Monday, March 19, 2012

Toulouse school shooting UPDATED

Yes, following this. And, other than that it's incredibly upsetting, I don't have much to say at this point. Whether the killer was Muslim and using French-Jewish school-children as a stand-in for Israel; a white-supremacist; or a nut aware that anything to do with Jews and violence gets attention, it's obviously too soon to say. I'd advise against coming to conclusions along the lines of, this is what Jews get for living somewhere as anti-Semitic as France (when, if your goal is not having your children shot to death at school, it's really the U.S. you'd want to avoid), as well as, this is really just about Israel, and if Israel only behaved itself, this sort of thing wouldn't happen (wrong because this didn't even happen in Israel, and because this sort of thing most certainly did happen in France before 1967 and 1948).
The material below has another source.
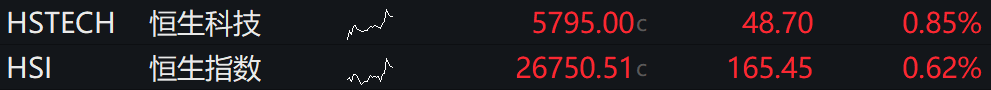 恒生指数高开0.62%,恒生科技指数涨0.85%。百度集团、金蝶国际涨逾3%,华虹半导体、蔚来涨逾2%。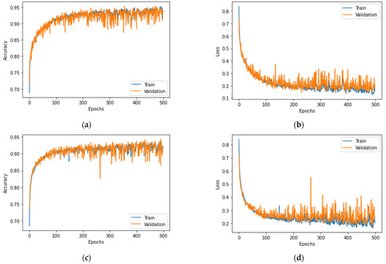 Accuracy and loss plots for training and validation: (a) accuracy plot for the network with 51 input features; (b) training and validation loss for the network with 51 input features; (c) accuracy plot for the network with 27 input features; (d) training and validation loss for the network with 27 input features.

In other words, I'd avoid explanations... at all, at this point, but especially ones that pretend that "the Jews" somehow bring such things upon themselves.

I'll weigh in again once more info. emerges, but that's about it thus far, from the French news as well.

UPDATE

So, a couple things about the response thus far. Much has been made of the fact that someone who may have been the same shooter also killed French black and Arab paratroopers, and that this did not get the same attention, thus proving a) Judeo-centrism in the Jewy Jewy media, and/or b) a racist indifference to crimes where the victims are non-white.

When it might be relevant a) that murders of young schoolchildren, and that would be three of the four Jewish victims, get more attention, all things equal, than murders of adults ("The suspect pursued his last victim, an 8-year-old girl, into the concrete courtyard, seizing and stopping her by her hair, said Ms. Yardeni, who viewed surveillance footage of the killing."), and b) that French Jews - as a photo accompanying the NYT piece suggests, although this is of course more complicated than complexion - are not all that white. Race is a construct, and indeed as constructed in France, the equivalent of the U.S.'s "whiteness" is looking ethnically French: pale skin, light brown or dark blond hair, certain facial features. French Jews, many of whom are of North African origin, with of course some exceptions, do not.

Now, one might counter that in the U.S., where Jews tend to be Ashkenazi, and where "white" basically means not in one of the categories officially considered of-color, most Jews are white, ergo, American media respond in horror when victims are or seem "white" by American standards. To which I'd counter a) that if Jews are "white" in the U.S., so too, often enough, are Arabs (which isn't to say there isn't anti-Arab bigotry, again, these things are complicated), and b) that however Jews are viewed in the U.S., if we are to believe that a neo-Nazi, white-supremacist sort chose Arab, black, and Jewish victims, by the standards of the place where the crimes occurred, all of the victims come from groups that would fall into the category of visible minorities.

But back to the marginally less awkward question of parochialism in response to tragedy. It would seem a natural enough human impulse - not necessarily a calculated, political move - to be more upset when a small-scale tragedy strikes closer to you than when a greater one does further away. This sort of thinking shouldn't, of course, determine policy, but as a reaction to share privately, or an emotional outburst on a newspaper comments page, what can you do? But the important thing to remember, in this case, is that the tendency to respond more to tragedies that hit close to home is not a uniquely Jewish trait. We should not confuse the fact that non-Jews are and for ever so long have been disproportionately obsessed with Jews, with the altogether normal fact that Jews pay attention to Jews. Everyone pays attention to their own kind.

1 comment:

Britta said...

This is very sad. I hope they catch the person who did it.